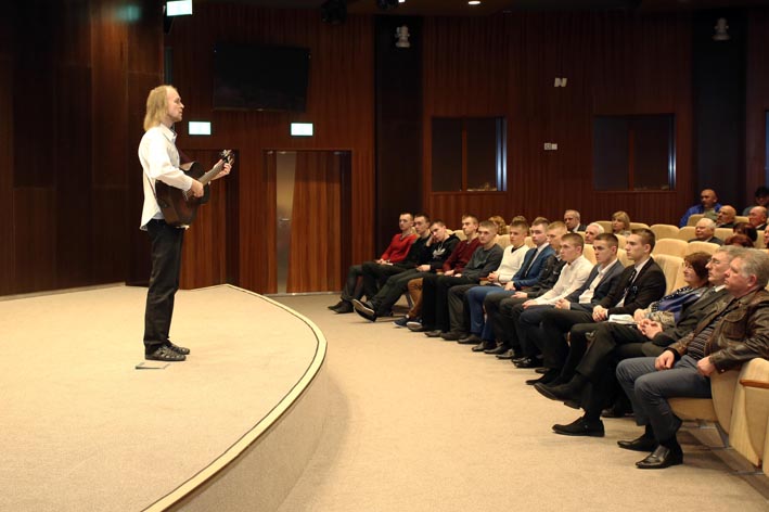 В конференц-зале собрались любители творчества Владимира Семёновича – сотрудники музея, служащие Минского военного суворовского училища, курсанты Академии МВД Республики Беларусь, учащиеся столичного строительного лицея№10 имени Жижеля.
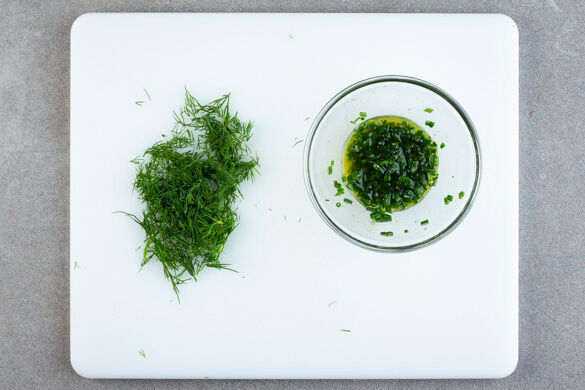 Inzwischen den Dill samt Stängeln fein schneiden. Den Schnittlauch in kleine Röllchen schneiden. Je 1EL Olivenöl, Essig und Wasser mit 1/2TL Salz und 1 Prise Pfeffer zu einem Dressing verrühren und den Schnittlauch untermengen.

__________

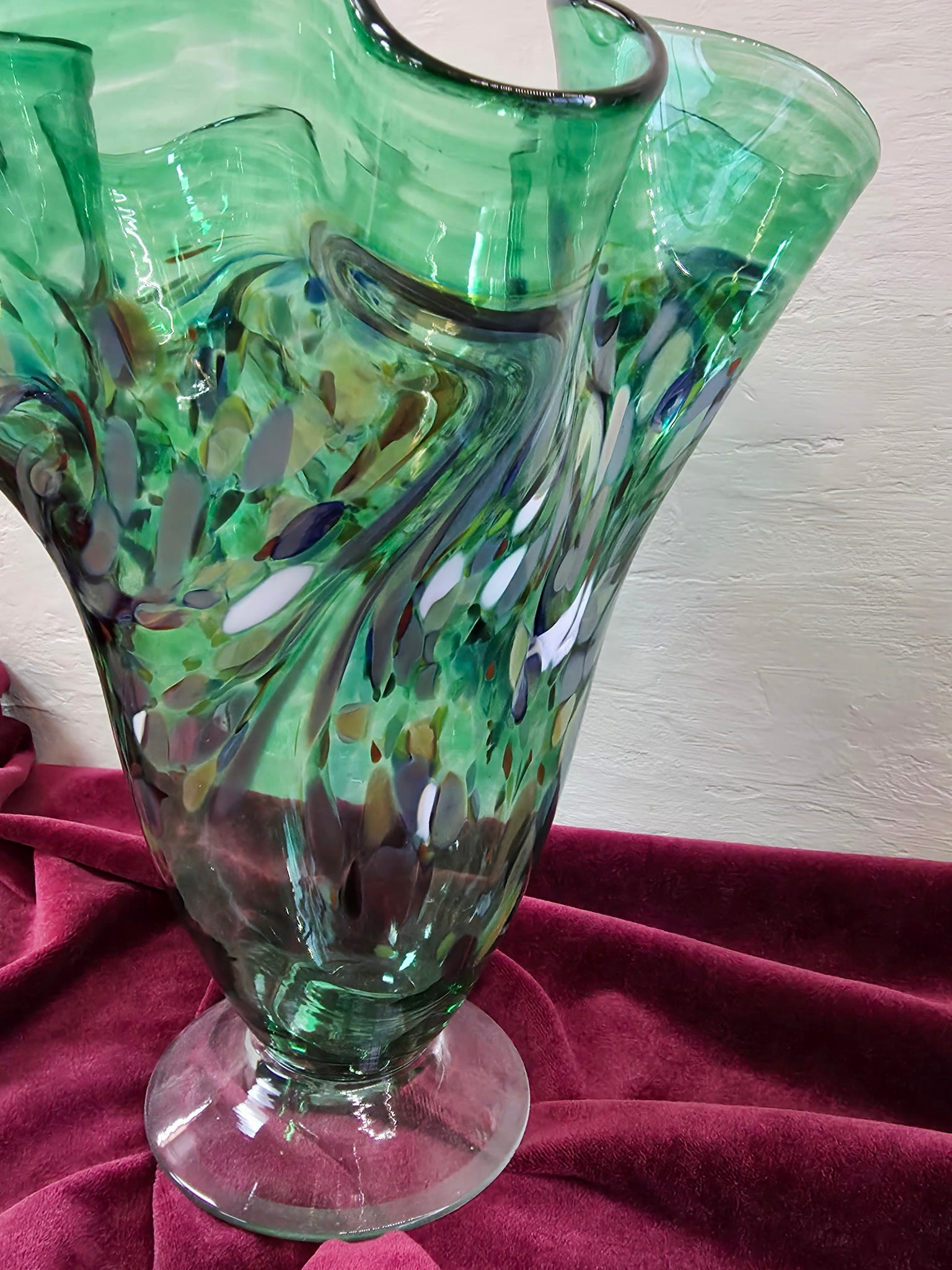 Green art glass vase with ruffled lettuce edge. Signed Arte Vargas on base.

__________

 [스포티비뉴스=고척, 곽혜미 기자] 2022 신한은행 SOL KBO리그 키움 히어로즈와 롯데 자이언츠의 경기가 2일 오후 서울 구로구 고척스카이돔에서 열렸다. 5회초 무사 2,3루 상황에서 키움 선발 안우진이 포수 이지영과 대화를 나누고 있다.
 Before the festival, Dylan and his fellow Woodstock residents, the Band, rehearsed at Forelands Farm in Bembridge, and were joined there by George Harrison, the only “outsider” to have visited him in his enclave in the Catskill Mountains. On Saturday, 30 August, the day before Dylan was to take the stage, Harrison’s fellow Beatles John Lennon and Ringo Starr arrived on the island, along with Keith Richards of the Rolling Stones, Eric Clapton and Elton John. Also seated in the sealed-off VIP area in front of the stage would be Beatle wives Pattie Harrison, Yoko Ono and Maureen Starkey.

__________

Task item
Transcribe the listing above exactly, but only from the line with "В конференц-зале собрались" through the line with "Inzwischen den Dill". Include both of those lines and omit the pictures.

Response below
 В конференц-зале собрались любители творчества Владимира Семёновича – сотрудники музея, служащие Минского военного суворовского училища, курсанты Академии МВД Республики Беларусь, учащиеся столичного строительного лицея№10 имени Жижеля.
 Inzwischen den Dill samt Stängeln fein schneiden. Den Schnittlauch in kleine Röllchen schneiden. Je 1EL Olivenöl, Essig und Wasser mit 1/2TL Salz und 1 Prise Pfeffer zu einem Dressing verrühren und den Schnittlauch untermengen.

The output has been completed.